According to an Ipsos/Reuters poll, more than 10 percent of parents around the world say their child has been cyberbullied and nearly one-fourth know a youngster who has been a victim. The online poll of more than 18,000 adults in 24 countries, 6,500 of whom were parents, showed the most widely reported vehicle for cyberbullying was social networking sites likes Facebook, which were cited by 60 percent. Mobile devices and online chat rooms were a distant second and third.
The U.S. Department of Homeland Security’s command center routinely monitors dozens of popular websites, including Facebook, Twitter, Hulu, WikiLeaks and news and gossip sites including the Huffington Post and Drudge Report, according to a government document.
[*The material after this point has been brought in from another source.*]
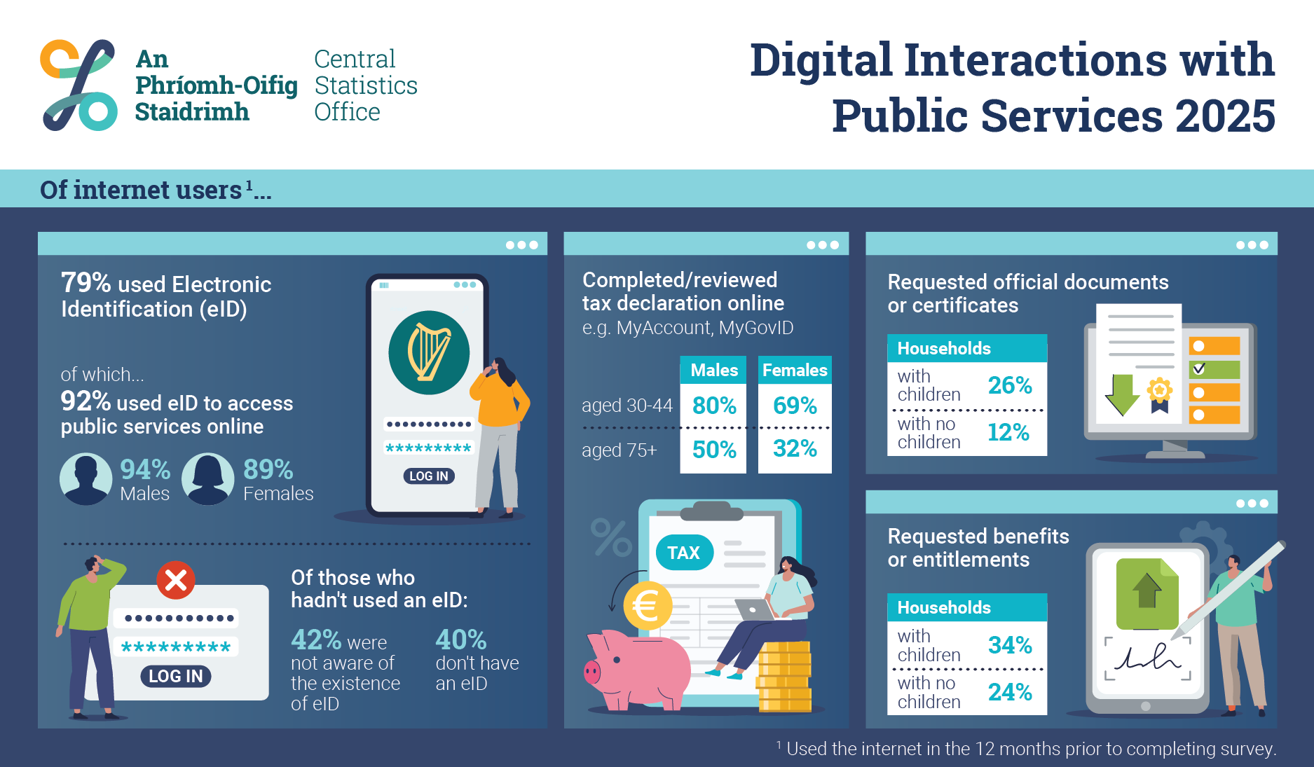 92% used eID to access public services online; 94% Males, 89% Females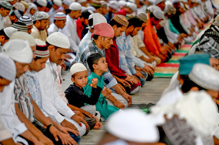 Bhairahawa, Nepal - June 5 2019: Asian Muslim devotees sitting in a row getting ready for Eid Prayers.

A DHS official familiar with the monitoring program said that it was intended purely to enable command center officials to keep in touch with various Internet-era media so that they were aware of major, developing events to which the Department or its agencies might have to respond.
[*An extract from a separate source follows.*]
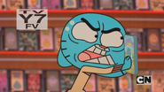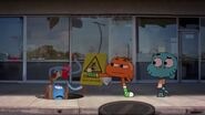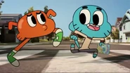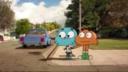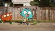 - [Gumball looks angrily at Darwin, who look at Gumball nervously, then they chase the DVD down the road again]

Two Dutch cable companies were ordered by a court to block access to the website The Pirate Bay to prevent the illegal downloading of free music, films and games in case brought on behalf of the entertainment industry.
Tech wrap: Groupon rethinks IPO
Groupon called off an IPO roadshow slated for next week because of market volatility, the Wall Street Journal reported. The Internet coupons site is reassessing the timing for an offering on a week-by-week basis, the newspaper added, citing an unidentified source. Some on Wall Street have questioned Groupon’s financial disclosures, while others are concerned the company’s rapid growth is starting to slow in North America. Groupon CEO Andrew Mason sent a memo to employees recently that was widely reported in the media, in which he blasted critics in the press and on Wall Street.
Sprint filed a lawsuit to stop AT&T’s $39 billion purchase of T-Mobile USA in the same federal court that is to hear the Department of Justice’s case opposing the buyout. Sprint said the combination would lead to higher prices for consumers and create a duopoly between AT&T and Verizon Communications. Also, Sprint argued that if the deal goes through, a combined AT&T and T-Mobile would have the ability to use its control over roaming and spectrum, and its increased market position to exclude competitors.
Dell and China’s top search engine Baidu plan to jointly develop tablet computers and mobile phones, targeting the Chinese market dominated by Apple and Lenovo. Dell declined to give a timeline for the launch of the devices, but local media quoted sources saying that it may be as early as November. Baidu launched a new mobile application platform last week and offered a glimpse of its upcoming mobile operating system, which it hopes will serve a growing number of users accessing the Internet from smartphones and tablet computers.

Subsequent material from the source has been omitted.